==== Input data

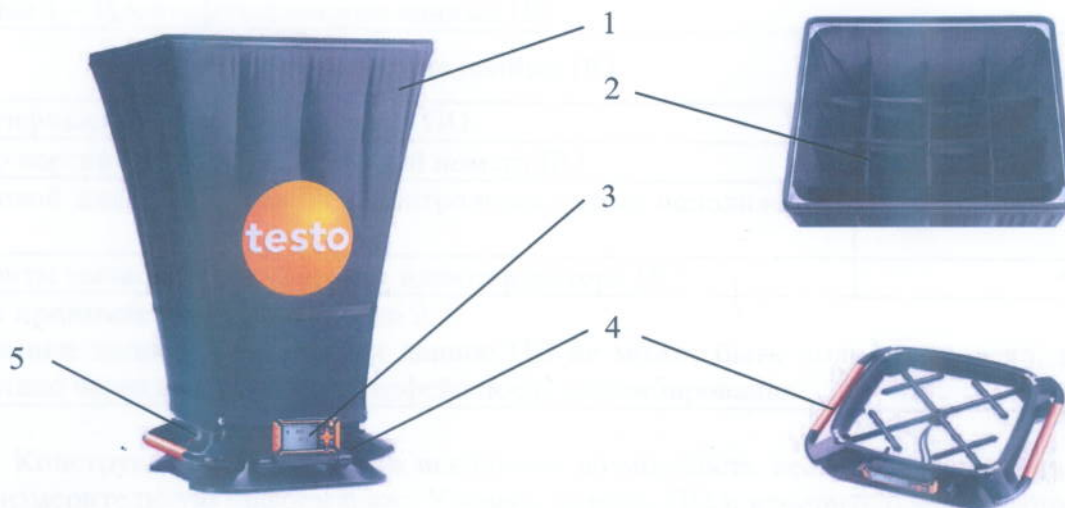
Рисунок 1 – Общий вид расходомера и его основания

Расходомер состоит из конфузора (1) - для измерения объемного расхода воздуха со встроенным выпрямителем воздуха (2), измерительного прибора Testo 420 с датчиками (3) - для измерений абсолютного давления и разности давлений, основания (4) - с приемниками давлений, и выключателя (5) - для измерений вручную.
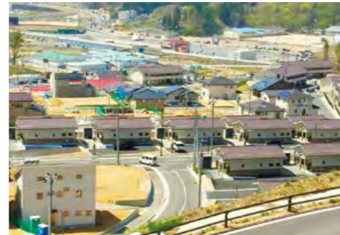
まちびらき後の田老地区 かさ上げや高台移転した土地で、住宅などの建設が進む。
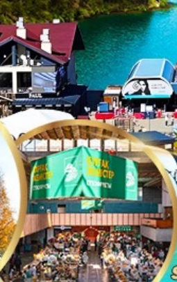
ตลาดกรีนบาร์ชา
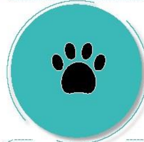
Después de estar con mascotas
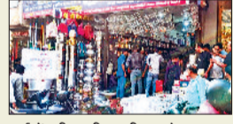
बर्तनों की खरीदारी करते ग्राहक।

सिरसा। धनतेरस पर्व को लेकर शनिवार को बाजारों में काफी रौनक रही। लोगों ने बर्तनों, सोने-चांदी के जेवर, दीपक, सजावट के सामान आदि की खरीदारी की। उधर सुरक्षा को लेकर पुलिस चाक चौबंद रही। शहर में जगह-जगह पर पुलिस बल तैनात रहा। धार्मिक मान्यताओं के अनुसार धनतेरस को स्वर्ण-चांदी आभूषणों के अलावा बर्तनों, दीपक, सजावट के सामान आदि की खरीदारी की। मान्यताओं के अनुसार आज के दिन गहने अथवा बर्तनों की खरीदारी किया जाना उत्तम माना गया है। वाहकों को आकर्षित करने के लिए दुकानदारों की ओर से विशेष तैयारियों की गई थी। दुकानों को विशेष रूप से सजाया गया था। त्यौहार के दृष्टिगत नए-नए डिजाइन की वस्तुएं डिस्प्ले की गई थीं ताकि वाहकों का ध्यान बरबस ही अपनी ओर आकर्षित किया जा सके। सुबह से ही बाजारों में काफी गहना गहमी रही, जिसकी वजह से बाजारों में सारा दिन रौनक रही। बर्तनों की दुकानों पर तो महिलाओं ने धार्मिक मान्यता अनुसार खरीदारी की, वहीं लोगों ने आभूषणों की भी खरीदारी की। इसके अलावा गिफ्ट शॉप, रेडीमेड वारमेंट, ड्राई फ्रूट, दीये आदि की भी खरीदारी हुई। दुकानों पर वाहकों की आवाजाही बढ़ गई है और बर्तनों की खनक से बाजार गुलजार है।
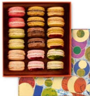
18 MACARONS Coffret 53,08€ HT
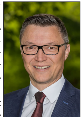
Wolfgang Hörl Erster Bürgermeister
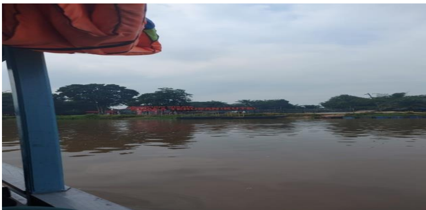
Gambar 1. Transportasi air menuju Desa Kuala Terusan

Oleh karena itu diperlukan usaha untuk meningkatkan pengetahuan masyarakat tentang perilaku hidup bersih dan sehat. Tujuan pengabdian kepada masyarakat ini adalah untuk meningkatkan pengetahuan masyarakat tentang perilaku hidup bersih dan sehat (PHBS) khususnya khususnya di desa Kuala Terusan Pangkalan Kerinci Pelalawan.
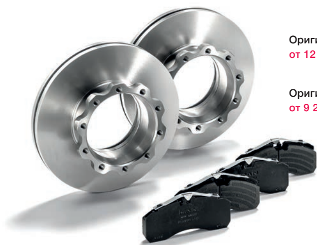
Оригинальные тормозные диски MAN от 12 160 руб.
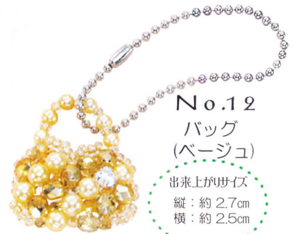
No.12 バッグ (ベージュ)
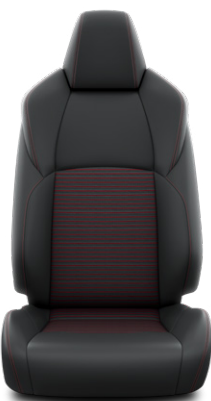
Fekete bőrhatású Alapfelszereltség a Selection modellváltozaton
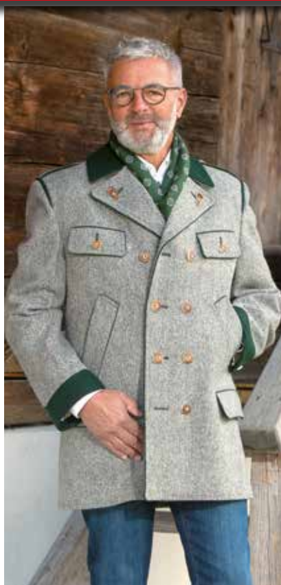
Schladminger 339,- / Jeans ab 69,95 / Schal 49,95

========

-- Work item --
Starting at the line containing "ตลาดกรีนบาร์ชา" and stopping at the line containing "बर्तनों की खरीदारी करते ग्राहक।", output every line above exactly, both ends included, with pictures omitted.

-- Task solution --
ตลาดกรีนบาร์ชา
Después de estar con mascotas
बर्तनों की खरीदारी करते ग्राहक।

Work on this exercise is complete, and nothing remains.